Digging through the mining industry’s lies – Crikey
Last Sunday the Rudd government announced its response to the Henry review into the Australian taxation system. Of over 138 recommendations, just four will be implemented. Is Kevin Rudd too timid to propose radical tax reform in an election year? Its centrepiece will be a 40 per cent tax on mining industry profits. The response to this proposed new tax has been mixed. On the one hand, it can be argued that since Australia's mineral wealth belongs to all Australians, and not just multinational mining companies, the revenue raised will be used to benefit millions of ordinary Australians. Then again, the mining industry earns Australia billions of dollars in export income, and employs thousands of people. According to some economists, China's appetite for our mineral wealth was one of the factors that kept Australia from going into recession during the global financial crisis. This may just be hyperbole, but to heavily tax such a viable industry will put it at risk. Massive projects are now believed to be on hold, and mining companies are threatening to move their operations elsewhere. The value of mining stocks has dropped, affecting shareholders and the retirements savings of superannuants.

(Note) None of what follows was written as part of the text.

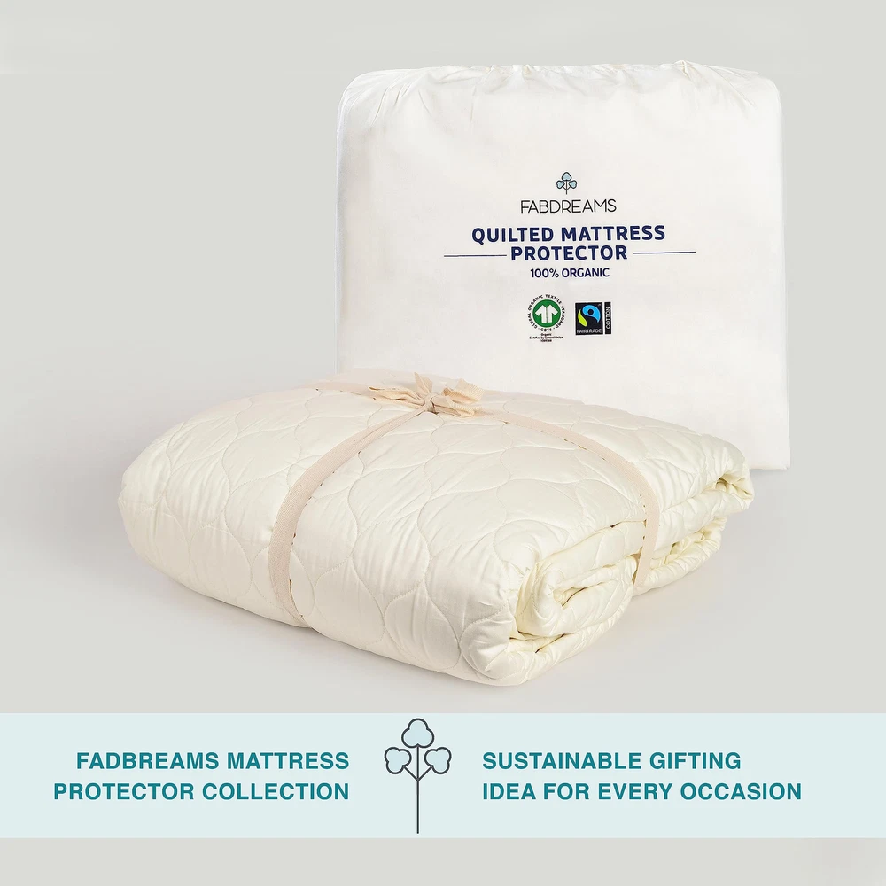 GOTS CERTIFIED ORGANIC COTTON: Feel the cushioned embrace of Quilted Mattress Protector; made with 300 TC Organic Cotton and soft cushioned Organic Cotton Wadding. Mattress Pad Protector is the upgrade you need for your mattress. Our cotton is GOTS Certified, Organic, Fair Trade and ethically manufactured in India. Mattress pad is free of all chemical finishes and flame retardants. HIGH DENSITY CUSHIONING & DEEP POCKETS: Quilted Mattress Protector in Twin size measures 39" x 77” + 17” and is a match made in heaven for your mattress. Quilted Mattress Pad fits up to 17” deep pocket mattress , provides incremental cushioning and natural softness for additional comfort. Quilted Mattress Protector also doubles down as an additional layer of protection for your mattress. ANTI SLIP ELASTIC & TEMPERATURE REGULATING: Made from 100% GOTS Certified Organic Cotton, Mattress Pad is 100% breathable & helps to perfectly regulate your body temperature unlike the synthetic mattress pads available at cheaper price. Organic Mattress Pads offer you freedom from odorous smells of synthetic fabrics & is suitable for every skin type. Our Quilted Mattress Protector has a silicone strip around elastic fitted sheet for non-slip & easy fitting on thick mattresses BUNDLE UP WITH OUR WATPROOF MATTRESS PROTECTOR: In addition to our Organic Quilted Mattress Protector, also offers a 100% Organic Waterproof Mattress Protector. For best results we recommend layering your plush mattress first with a Waterproof Mattress Protector & then covering it with Quilted Mattress Pad for ultimate comfort and protection. Mattress Accessories come in Twin, Full, Queen and King Sizes. SUSTAINABLE GIFTING WITH RECYCLABLE PACKAGING: Quilted Mattress Protector is an environment friendly gifting choice for all your special occasions – Thanksgiving, Christmas, Birthdays, Weddings, and Anniversaries. In our mission to cut out plastic, this product comes in a reusable, organic cloth bag. Quilted Mattress is GOTS Certified , OEKO- TEX Certified & made from Fair Trade Organic Cotton.

Of course, the implementation of this tax depends on the reelection of the Rudd government, which is by no means guaranteed, nor is its passage by the Senate, and the Liberal opposition has already vowed to block it. Kevin Rudd often talks about making housing more affordable. To match his rhetoric with action, one thing he could have done was end the negative gearing of residential investment properties, which is one of the factors in Australia's current housing affordability crisis. Perhaps that's in the too hard basket for now. Indeed, we live in interesting times.
These are my initial reactions to this announcement. I'll leave expert analysis to the experts.